• [EXERCISE GOAL]
Your answer must be the full listing below, repeated exactly, with no pictures in it.

• [TASK INPUT]
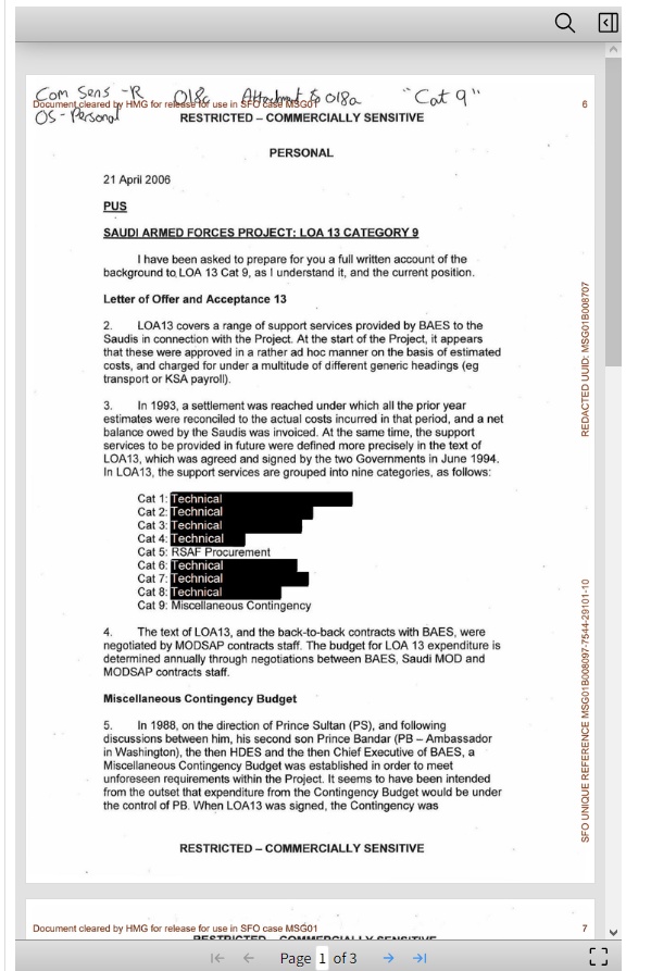 เอกสารนี้ยังย้อนแย้งกับคำกล่าวอ้างที่กินเวลานานกว่าหลายทศวรรษจากทางฝั่งรัฐมนตรีอังกฤษหลายคนว่าไม่มีการทุจริตในข้อตกลงนี้ ซึ่งข้อตกลงนี้ถูกล็อบบี้โดยนางมาการ์เร็ต แทตเชอร์ ในช่วงทศวรรษที่ 80 และมีรายงานว่าเจ้าชายบันดาร์ บุตรของเจ้าชายสุลต่าน รัฐมนตรีว่าการกระทรวงกลาโหมของซาอุดิอาระเบียในเวลานั้นมีบทบาทสำคัญในการเจรจา
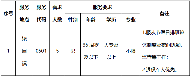 招聘城市管理輔助項目服務(wù)人員共計5名,具體要求如下表:
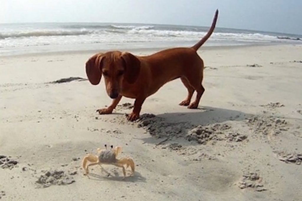 The dog was just sniffing around the beach when she encountered a ghost crab! The two dance around each other and interact in a way that reflects their curiosity of one another.
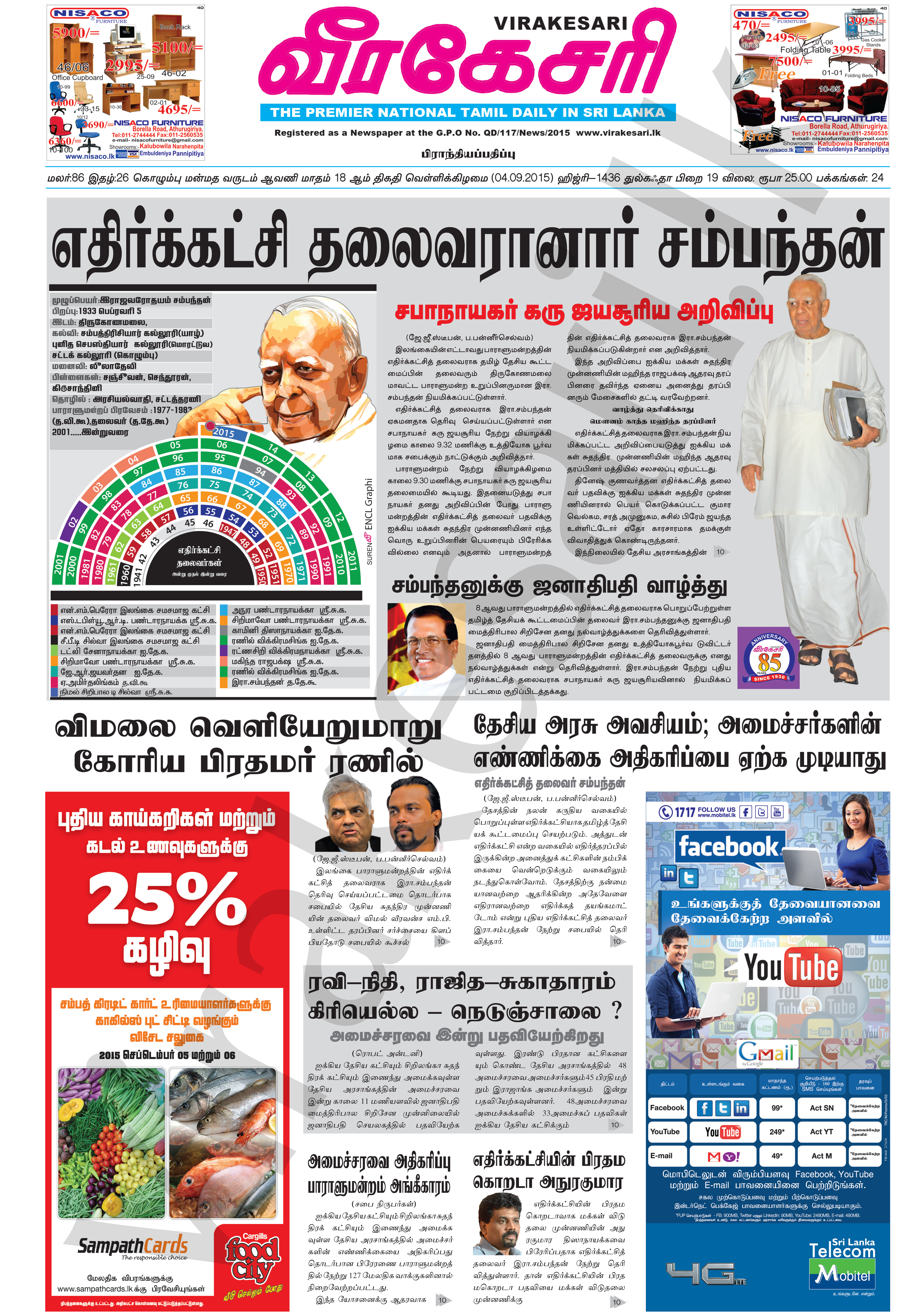 இலங்கை வரலாற்றில் இரண்டாவது தடவையாக தமிழர் ஒருவர் பாராளுமன்றத்தின் எதிர்கட்சித் தலைவராக தெரிவானார். இதற்கு முன்னர் 1977ஆம் ஆண்டு அப்பாப்பிள்ளை அமிர்தலிங்கம் பாராளுமன்றத்தின் எதிர்கட்சித் தலைவராக பதவி வகித்தார்.
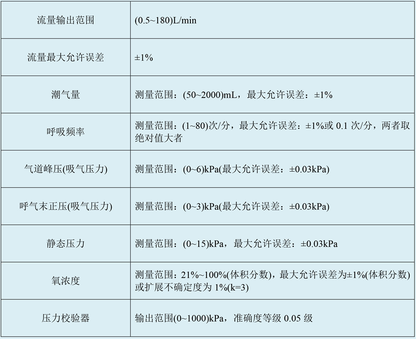 滿足JJF 1234-2018《呼吸機校準規范》、JJF1997-2022《無創呼吸機校準規范》、JJF 1998-2022《急救和轉運呼吸機校準規范》中對呼吸機校準設備的要求,可對不同廠家生產的各種型號呼吸機測試儀進行校準,滿足國家計量檢定系統量值傳遞要求,滿足社會公用計量標準的建標要求。
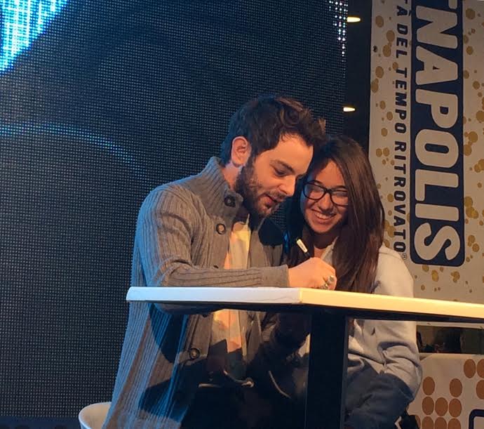 Detto-fatto. La maestra Mariella, rientrata stamani in Sicilia per le vacanze pasquali, si è precipitata da Etnapolis e si è messa in fila per conquistare la dedica di Lorenzo per i suoi piccoli alunni. E lui, il giovane talento catanese dalla voce melodiosa e vibrante che incanta grandi e piccoli fan, non si è fatto pregare due volte e si è pure divertito quando è venuto a conoscenza dei “compiti per casa” della maestra Mariella che, anche se è di Catania come Lorenzo Fragola, il popolare cantante lo ha conosciuto solo questa sera a Etnapolis. E, confessa, si è divertita un sacco pur di accontentare i desideri dei suoi alunni.

• [TASK SOLUTION]
 เอกสารนี้ยังย้อนแย้งกับคำกล่าวอ้างที่กินเวลานานกว่าหลายทศวรรษจากทางฝั่งรัฐมนตรีอังกฤษหลายคนว่าไม่มีการทุจริตในข้อตกลงนี้ ซึ่งข้อตกลงนี้ถูกล็อบบี้โดยนางมาการ์เร็ต แทตเชอร์ ในช่วงทศวรรษที่ 80 และมีรายงานว่าเจ้าชายบันดาร์ บุตรของเจ้าชายสุลต่าน รัฐมนตรีว่าการกระทรวงกลาโหมของซาอุดิอาระเบียในเวลานั้นมีบทบาทสำคัญในการเจรจา
 招聘城市管理輔助項目服務(wù)人員共計5名,具體要求如下表:
 The dog was just sniffing around the beach when she encountered a ghost crab! The two dance around each other and interact in a way that reflects their curiosity of one another.
 இலங்கை வரலாற்றில் இரண்டாவது தடவையாக தமிழர் ஒருவர் பாராளுமன்றத்தின் எதிர்கட்சித் தலைவராக தெரிவானார். இதற்கு முன்னர் 1977ஆம் ஆண்டு அப்பாப்பிள்ளை அமிர்தலிங்கம் பாராளுமன்றத்தின் எதிர்கட்சித் தலைவராக பதவி வகித்தார்.
 滿足JJF 1234-2018《呼吸機校準規范》、JJF1997-2022《無創呼吸機校準規范》、JJF 1998-2022《急救和轉運呼吸機校準規范》中對呼吸機校準設備的要求,可對不同廠家生產的各種型號呼吸機測試儀進行校準,滿足國家計量檢定系統量值傳遞要求,滿足社會公用計量標準的建標要求。
 Detto-fatto. La maestra Mariella, rientrata stamani in Sicilia per le vacanze pasquali, si è precipitata da Etnapolis e si è messa in fila per conquistare la dedica di Lorenzo per i suoi piccoli alunni. E lui, il giovane talento catanese dalla voce melodiosa e vibrante che incanta grandi e piccoli fan, non si è fatto pregare due volte e si è pure divertito quando è venuto a conoscenza dei “compiti per casa” della maestra Mariella che, anche se è di Catania come Lorenzo Fragola, il popolare cantante lo ha conosciuto solo questa sera a Etnapolis. E, confessa, si è divertita un sacco pur di accontentare i desideri dei suoi alunni.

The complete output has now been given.